## RAW DATA

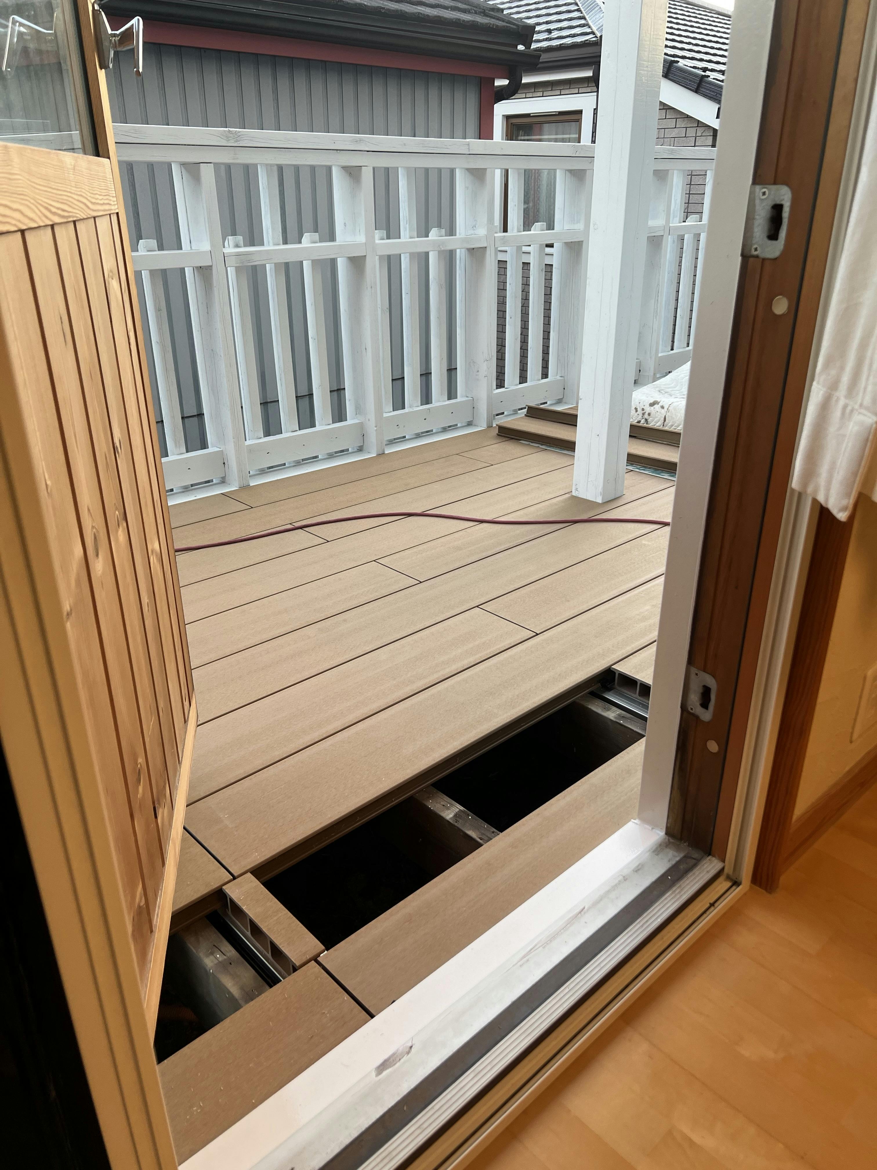 腐っていたデッキの木は取り除かれ、完成すればお部屋からも出られるし、外部からも入れるようにしていきます!
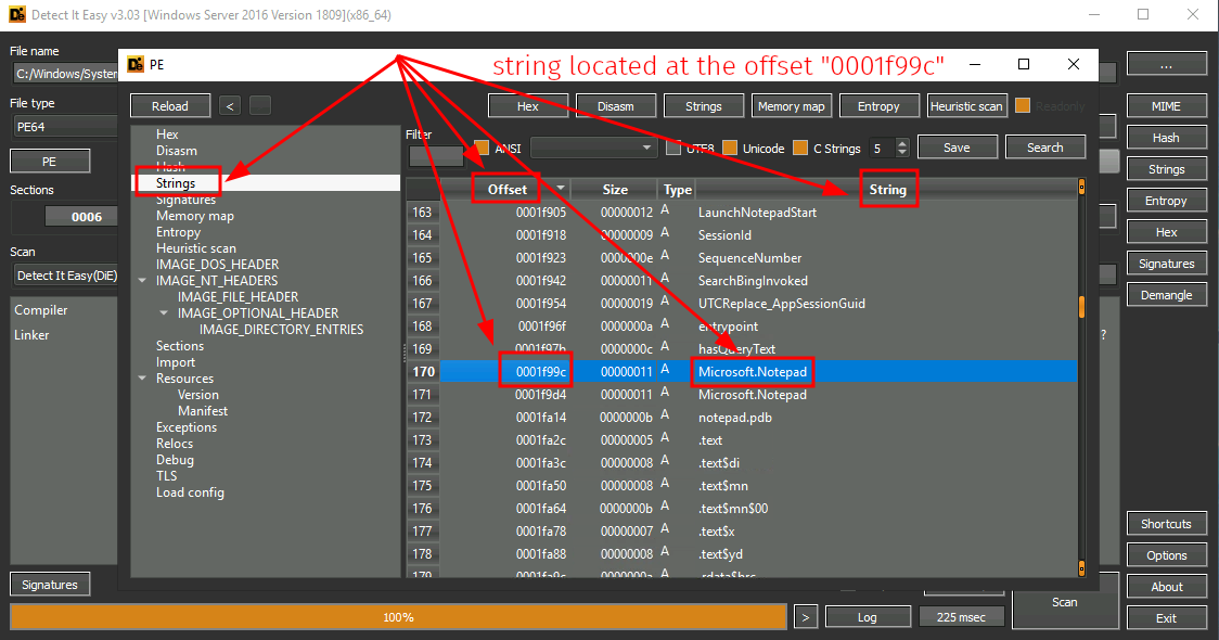 Lastly, still in "PE", select "Strings" and look for the matching offset value.
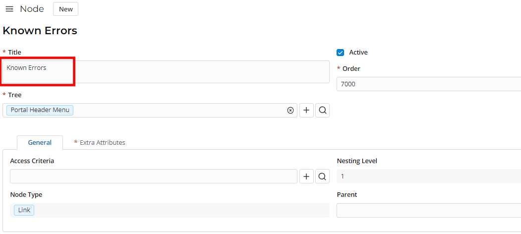 4. Create necessary records in the Portal Nodes related list. You need to specify only the title, order, and (optionally) parent item for your new item.
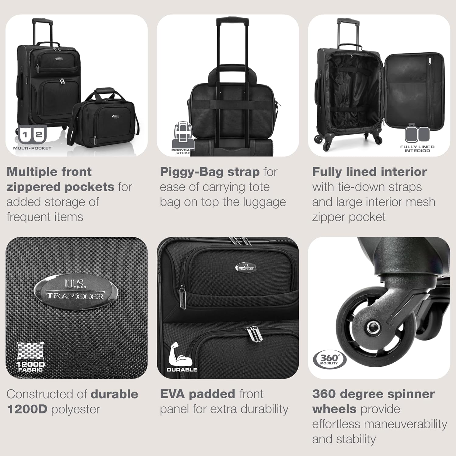 U.S. Traveler Lightweight Rolling 20" Carry On Luggage Softside Suitcase, Black, 4 Wheel

## ACTIVITY
Set down the material exactly as given, but print none of the pictures.

## SOLUTION TO THIS EXERCISE
 腐っていたデッキの木は取り除かれ、完成すればお部屋からも出られるし、外部からも入れるようにしていきます!
 Lastly, still in "PE", select "Strings" and look for the matching offset value.
 4. Create necessary records in the Portal Nodes related list. You need to specify only the title, order, and (optionally) parent item for your new item.
 U.S. Traveler Lightweight Rolling 20" Carry On Luggage Softside Suitcase, Black, 4 Wheel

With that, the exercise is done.